An insurer which offered to settle directly with personal injury claimants who had filed notices of their claims on the Road Traffic Accidents Portal (RTA Portal) must compensate the claimants' solicitors, who would otherwise have been entitled to costs by virtue of a conditional fee agreement (CFA).

The UK Supreme Court, in a unanimous judgment, upheld the existence of what is known as the 'solicitors' equitable lien', which law firm Gavin Edmondson Solicitors was entitled to enforce against the insurer, Haven Insurance. It did, however, disagree with the way in which the Court of Appeal had attempted to "re-formulate" the lien to create a general principle protecting solicitors from any adverse interference with their expectation that they would be able to recover their costs.

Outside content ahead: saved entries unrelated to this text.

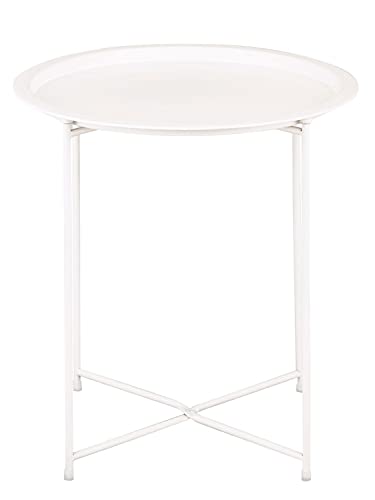 - Terrassentisch wetterfest mit abnehmbarem Tablett leer Metall – lässt sich flach zusammenlegen und verstauen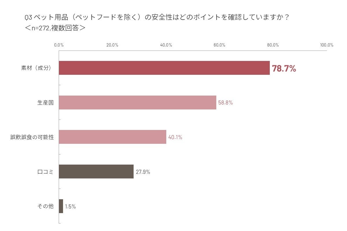 「Q1」でペット用品の選択基準を「安全性」と回答いただいた272名の方を対象に、今度は「“安全性”は何を基準に確認するのか」について質問をしてみました。すると、最も多い回答は「素材(成分)」、次点では「生産国」という結果になりました。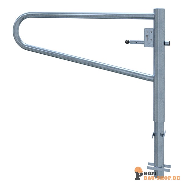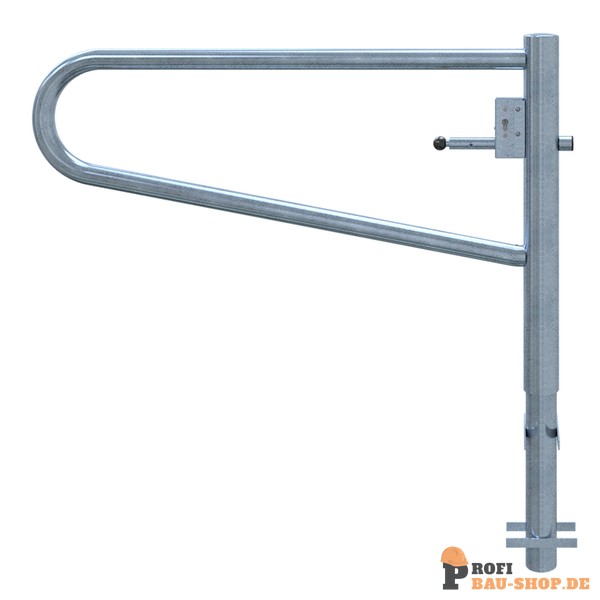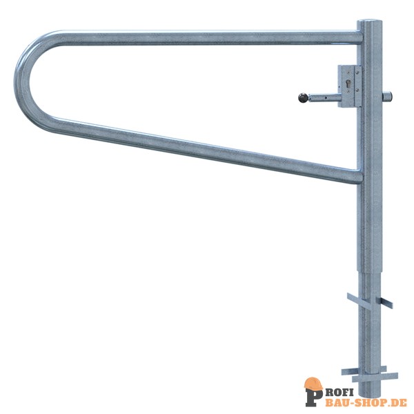 Schake Drehbare Gatterschranke, zum Einbetonieren, feuerverzinkt, Gesamtbreite: 1500 mm, mit Profilzylinderschloss

"Once a defendant or his insurer is notified that a claimant in a road traffic accident case has retained solicitors under a conditional fee agreement, and that the solicitors are proceeding under the road traffic accident protocol, they have the requisite notice and knowledge to make a subsequent payment of settlement monies direct to the claimant unconscionable, as an interference with the solicitor's interest in the fruits of the litigation," said Lord Briggs, giving the judgment of the court.

"The very essence of a conditional fee agreement is that the solicitor and client have agreed that the solicitor will be entitled to charges if the case is won. Recovery of those charges from the fruits of the litigation is a central feature of the road traffic accident protocol," he said.

The dispute arose over personal injury claims by six individuals who had been involved in road traffic accidents involving vehicles whose drivers were insured by Haven. Each individual entered into a CFA with Edmondson, designed to ensure that they would not have to pay the firm's costs directly from their own pockets. Edmondson notified the insurer of the claims via the RTA Portal, which was set up in 2010 to allow parties to manage low value personal injury claims online. Use of the RTA Portal is governed by the English civil courts' Pre-action Protocol for Low Value Personal Injury Claims in Road Traffic Accidents.

Shortly after the claims were logged on the RTA Portal, Haven approached each of the claimants directly with a settlement offer, on terms which did not include any amount for solicitors' costs. The individuals all accepted these offers, and cancelled their CFAs with Edmondson. Edmondson claimed against Haven for the fixed costs which it would have been paid had the claims been settled through the portal in line with the protocol, specifically by way of the solicitors' equitable lien.

The lien is, traditionally, a form of security for the payment of the fees that the client owes to its solicitor for the conduct of litigation, paid out of the fruits of that litigation. It was developed by the courts as a way of promoting access to justice, by allowing solicitors to effectively offer their services on credit to clients with meritorious cases, but who were unable to pay legal fees up front.

The right can only be enforced where the client has a liability to the solicitor for the fees. For this reason, the High Court originally found in favour of the insurer, ruling that the nature of the CFA removed the client's contractual liability to pay the solicitor's fees. The Court of Appeal agreed that the client was not contractually liable to pay the fees, but found that court's "equitable jurisdiction to intervene" could be extended far enough to allow the court to enforce Edmondson's right to receive the fixed costs and charges provided for by the protocol against Haven.

The Supreme Court disagreed, instead finding that the client was contractually liable to pay the fees. The CFA, and associated client care letter, did not remove that liability, but merely "limited the recourse from which Edmondson could satisfy that liability to the amount of its recoveries from the defendant".

"It both preserved and in my view affirmed that basic contractual liability, to the full extent necessary to form the basis of a claim to an equitable charge as security," Lord Briggs said in his judgment.

Haven had been notified of the existence of the lien, as the portal made it clear that each of the claimants had retained Edmondson under a CFA, the judge said. This meant that the lien could be enforced against Haven, but only up to the value of the fees to which Edmondson would have been entitled on the basis of the actual settlement amounts.